The protein structures given for each gene were also compared with vio proteins from other organisms, ( Janthinobacterium lividum and Duganella sp. B2) to confirm that the ORFs were coding for the correct protein.

Wet Work

Amplification

Continued to refine protocols for successful PCR and purification of pSB3K3.

Miniprepped all remaining amplifier constructs.

Pigments

Yesterdays transformations were successful, continued to incubate to trigger pigment production.
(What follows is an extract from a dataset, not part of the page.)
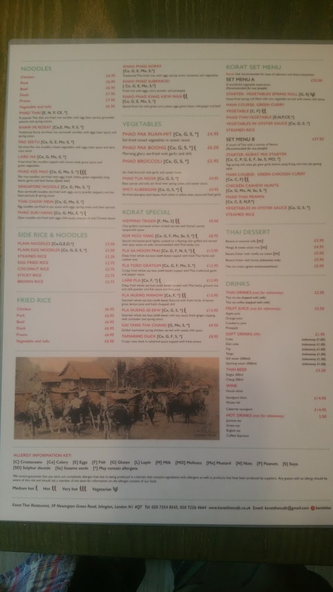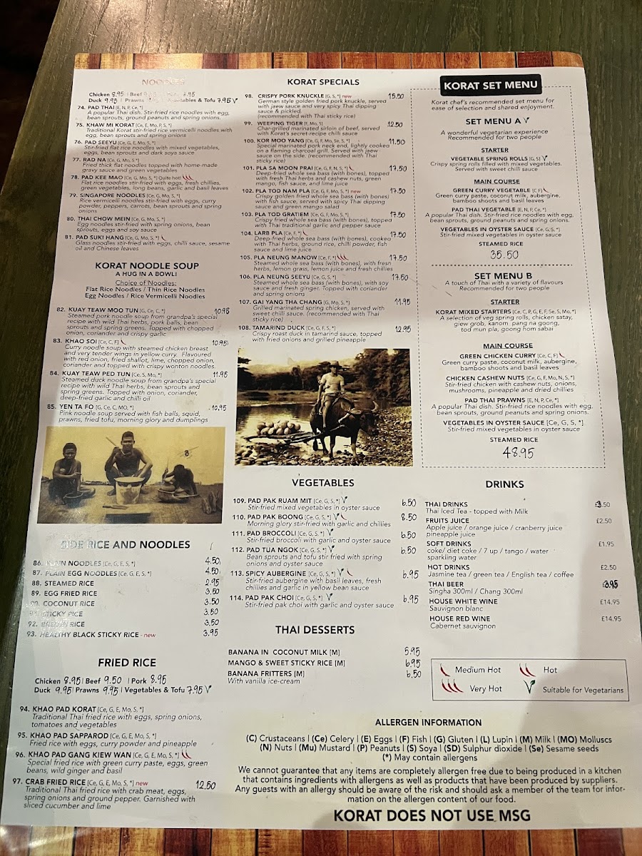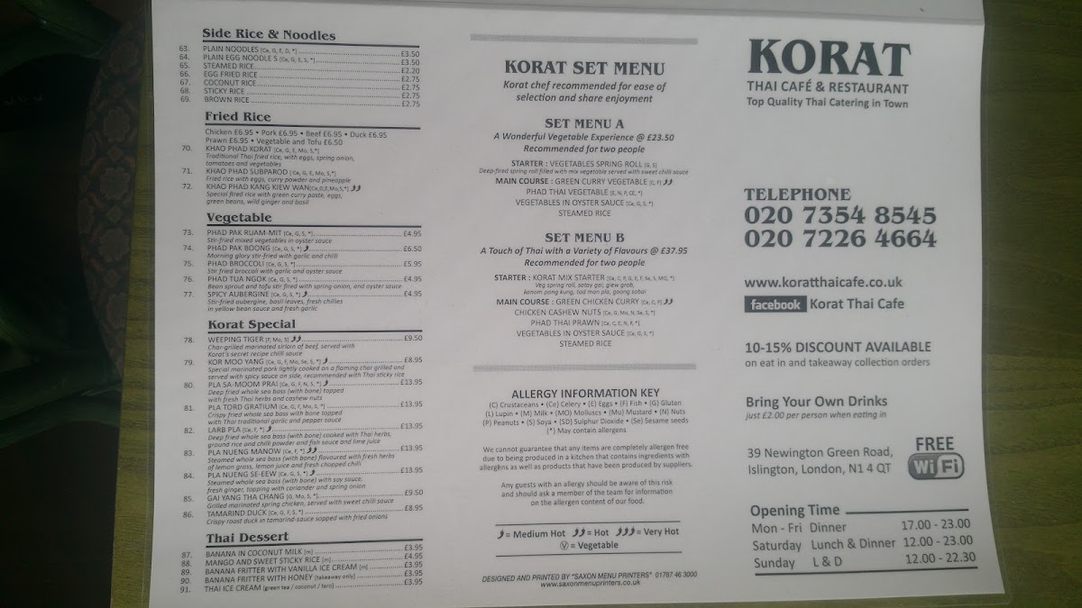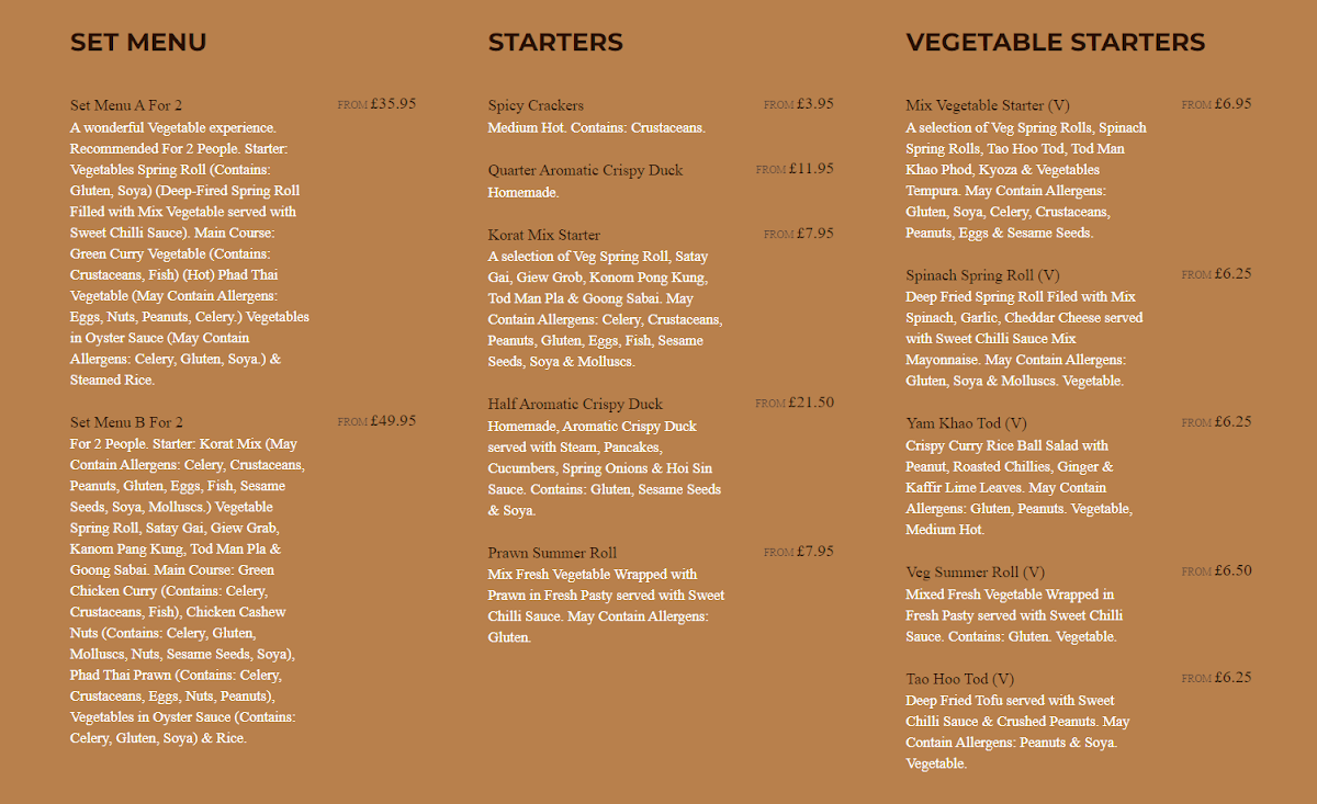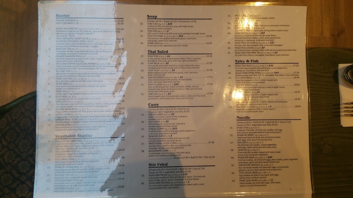 Korat Thai Cafe offers an extensive and vibrant menu, showcasing the rich flavors of Thai cuisine. The set menus, Set Menu A for 2 and Set Menu B for 2, are perfect for those looking to experience a variety of dishes. For starters, options like Spicy Crackers and Quarter Aromatic Crispy Duck stand out, with prices available upon request. The menu also features vegetable-based starters such as Spinach Spring Roll (V) and Veg Summer Roll (V), catering to different dietary preferences. Soups like the Tom Yum Soup (Spicy) and the comforting Tom Kha Soup provide a perfect beginning to the meal. Noodle soups, such as Khao Soi and Kuay Teaw Moo Tun, offer hearty and flavorful options. The Thai salads are bold, with dishes like the Somtom Salad (Spicy) and Yum Neua (Spicy). When it comes to curry, the Green Curry (Spicy) and Red Curry Traditional Duck Curry are notable highlights. Stir-fried dishes, including Phad Kra Prow (Spicy) and Phad Nam Mon Hoi, offer a satisfying balance of heat and flavor. For those craving seafood, options like Phad Cha Taley (Spicy) and Pla Lard Pring (Spicy) are delicious choices. The restaurant also serves several noodle dishes, such as Phad Thai and Khaw Mi Korat, alongside a variety of rice options like Sticky Rice and Coconut Rice. The Crab Fried Rice and Khao Phad Subparod are great picks for those who want to try a unique twist on fried rice. Vegetarians can enjoy Phad Pak Ruam-Mit (V) or Phad Tua Ngok. Special dishes like Weeping Tiger and Korat Moo Yang are ideal for those looking for a memorable main course. To conclude the meal, indulge in Thai desserts like Mango & Sweet Sticky Rice or Banana Fritter with Vanilla Ice Cream. With a variety of beverages, including Coca-Cola Original and Sparkling Water, the menu at Korat Thai Cafe promises a delightful and authentic Thai dining experience.

Pics to be put in the right places

NANODROP.JPG FLUOstar.jpg

Wednesday

Dry Work

Pseudomonas Green and Red

Received confirmation that we will be receiving clones containing the appropriate plasmids (YAY) soon.

Violacein

Removed restriction sites from the new vio plan (shown on yesterdays page) and send it to Jim, along with the ApE plasmid editor file of the operon. After getting the go-ahead from Jim, this plan will be send to DNA2.0 for synthesis. Drafted the design criteria for Violacein synthesis:

  • The gene consists of five open reading frames (vioA-E) each preceded by a ribosome binding site (part B0034). The whole sequence is held within the BioBrick registry prefix and suffix
  • The DNA sequence of the prefix and suffix CAN NOT be altered in any way
  • Ideally the operon would be under the control of the repressible promoter suggested by Jeremy. This promoter would be upstream of the operon and ribosome binding sites, but downstream of the prefix
  • With the exception of the prefix and suffix (which cannot be altered) the following restriction sites are forbidden within the operon: EcoRI, XbaI, SpeI, PstI, NotI
  • If possible, we would like the genes to be optimised for E. coli and preferably B. subtilis as well
  • In order to easy gene separation, we would like restriction sites on either side of the vio C and the vio D genes.

Wet Work

Pigment Stocks

Retransformed melanin and violacein pigment into MG1655 (previous attempt was unsuccessful)

Melanin Biobrick

Did a PCR to amplify the melanin fragment that will be made into a BioBrick. Purpose was to measure the length of the MelA fragment, check that the A and F primers were functional (as they are used in every PCR cycle in the plan), and produce samples for testing our different DNA clean-up protocols. We used the Finnzymes MasterMix with added DMSO and ran on an ethidium bromide gel.

Gel.jpg

Gel was run at 80V for 45mins. The two samples were made of the same master mix (as in Finnzymes PCR protocol) with added 1.5ul of DMSO to each 50ul sample. The bands are approximately 2kb, which matches the 1.9kb size of the melA fragment. The smaller bands near the bottom of the gel are the primers.

Amplification

Overnight culture of a single colony of J69591, phenotypically confirmed, in preparation to make glycerol stocks, steak out on a plate, and miniprep. This will be the parent colony for all of our characterizations.

Made glycerol stocks for -20 freezer of all activator constructs.

Continued to de-bug DNA clean-up after PCR, PCR amplified more pSB3K3.